The company has been feuding with the energy board – which regulates its spending and rates – since the board made a ruling that Toronto Hydro says will force it to slash spending to renew its system by two-thirds.
Curbing renewal spending will lead to longer and more frequent blackouts, the company says. It has stopped work on many renewal projects, throwing hundreds of contract workers out of work, and has threatened to lay off hundreds of staff.
The board insists it has not restricted the company’s spending nearly as much as the company claims. The company is asking the board to reconsider its decision.
Copeland said Toronto Hydro deliberately weights much of its executive pay on bonuses that have to be earned.
Reliability standards are only one of a dozen or more measures that go into determining executive bonuses, he said. Others include financial performance, safety and productivity.
For example, he said, executives have been rewarded because they’ve reduced the workforce by 35 per cent in the past dozen years.

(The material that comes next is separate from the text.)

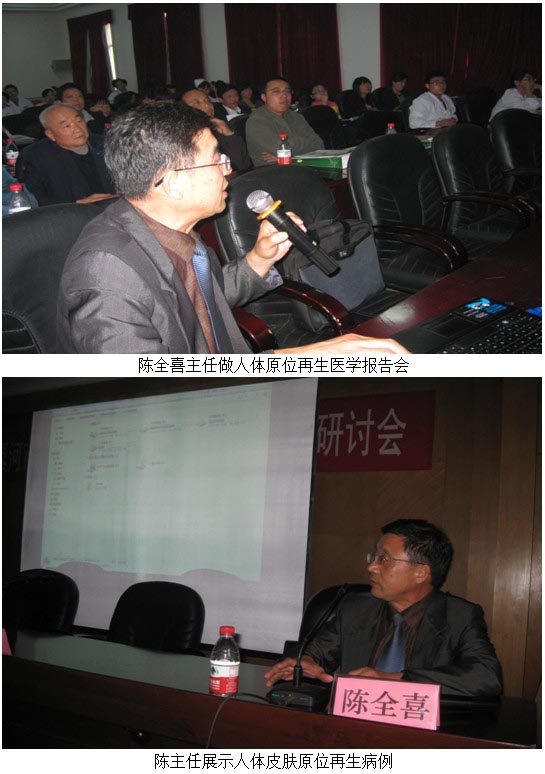 2011年9月26日下午2点整,讲座在该院外科学术厅举行,该医院外科主任,省中西医结合学会、烧伤专业委员会副主任委员王秉真、漯河市中心医院外科主任钱红军主持了学术讲座,在学术讲座中,陈主任首先向参会全体医护人员介绍了我国著名生命科学家徐荣祥教授。然后结合大量的临床病例图片,主要针对不同程度的烧伤后期创面及各类难愈性创伤、溃疡、压疮、疤痕等疾病的预防及治疗方法和注意事项。对创伤性骨病“慢性骨髓炎”的临床治疗也进行了认真细致地讲解,并解答了医师在处理骨髓炎中遇到的疑难问题;向学员们讲解微粒皮种植术在创伤、烧伤、溃疡创面与湿润烧伤膏联合治疗的病例,展示了种植皮浆的图像资料,认真解答了医护人员提出的问题。

The company’s reliability is hampered by aging equipment, he said. That’s exactly the reason why Toronto Hydro wants to spend heavily on renewing both its equipment and its workforce, to the tune of $500 million or more in each of the next three years.
The energy board is blocking that spending, he argued and executives can’t be faulted for the resulting loss in reliability:
“Until we spend the money and fix it we’ll hit our own standards, but we can’t hit the ones they’ve set.”
Copeland said the high-end cars driven by Toronto Hydro executives – including Mercedes-Benz, and BMWs – are fully taxable, and part of their overall compensation package. If they choose to drive a fancy car, they’ll have another part of the package trimmed:
“You can have car but you don’t get it in salary, or you don’t get it in pension or you don’t get it in some other way.”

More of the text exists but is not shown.